Previously, once a request was dispatched to a provider, the Logs UI
showed a static pending row with no indication of whether bytes were
actually flowing. This change surfaces live byte counts and throughput
from the existing `StallInspector` ring buffer via SSE, updated once per
second.
## How it works
**Backend:**
- `StallInspector.getStats()` — new read-only method that snapshots
current state (bytes received, bytes/sec via sliding window) without
touching any stream logic. Throughput is computed from the ring buffer
regardless of stall enforcement state, so it works even during the grace
period.
- `UsageStorageService` — new in-flight registry (`registerInFlight` /
`deregisterInFlight` / `getProgressUpdates`). Keyed by `requestId`,
stores a reference to the inspector and the owning API key for scoping.
- `response-handler.ts` — registers the inspector when it enters the
pipeline; deregisters in `cleanupDisconnectWiring` (fires on both `end`
and `error`), so the registry never leaks.

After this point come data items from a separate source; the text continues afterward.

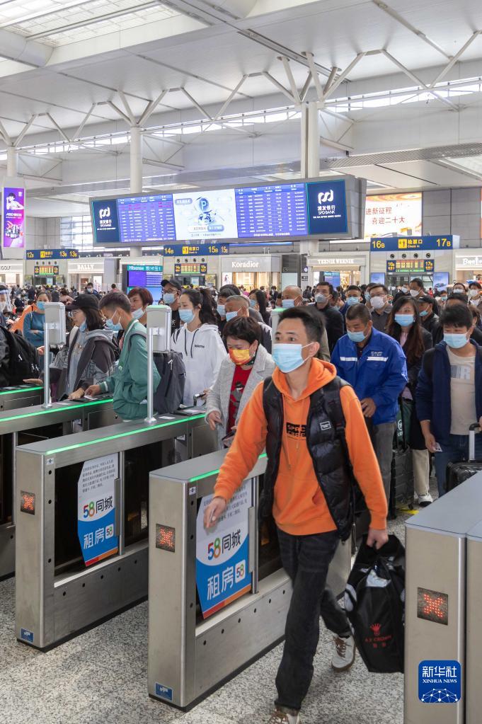 10月11日,在上海虹橋火車站,旅客通過檢票閘機(jī)進(jìn)站。
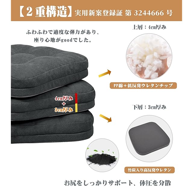 【特許取得済み2重構造】上層に4cm低反発ウレタンチップ+下層に3cm竹炭入り高反発ウレタンを使用(実用新案登録証 第 3244666 号)。上層ふわふわで、ゆっくりお尻にフィット、圧力を分散します。下層はやや硬いで、しっかりと体を支え、底付き感はなし。座布団クッションは低反発・高反発を兼ね備えた弾力とフィット感、長時間座ても疲れにくい。空間にもマッチします。
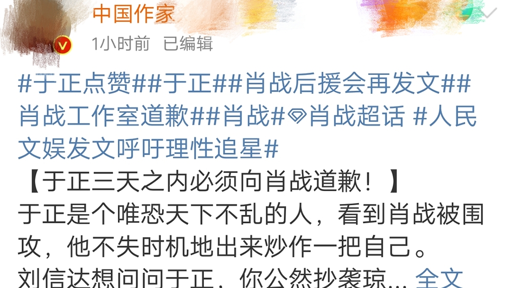 接着这位中国作家又在微博上发文称:于正三天之内必须向肖战道歉,于正是个唯恐天下不乱的人,看到肖战被围攻,他不失时机的出来炒作自己,刘某某想问问于正,你公然抄袭琼瑶行为如此不正,你又有什么资格对肖战指指点点的?

- `/v0/management/events` SSE endpoint — adds a 1s `setInterval` per
connected client that calls `getProgressUpdates()`, filters by the
client's scoped API key, and emits `progress` events. Fire-and-forget;
write errors are swallowed. Interval is cleared on connection close
alongside the existing listeners.
**Frontend:**
- New `progress` SSE event handler updates a `progressMapRef`
(`Map<requestId, ProgressUpdate>`) and increments a render-tick counter
to trigger re-renders without mutating the `logs` array.
- Progress entries are cleared when a `completed` event arrives for the
same request.
- **Desktop Perf column** — for pending rows with live data: shows bytes
received + KB/s instead of the empty Duration/TTFT/TPS fields.
- **Mobile Latency card** — same conditional rendering.
- New `formatBytes()` helper in `format.ts`.
## What is not changed
- Stall detection/abort logic is untouched — `getStats()` is purely
observational.
- No new DB writes or queries; all data comes from the in-memory ring
buffer.
- No new API endpoints.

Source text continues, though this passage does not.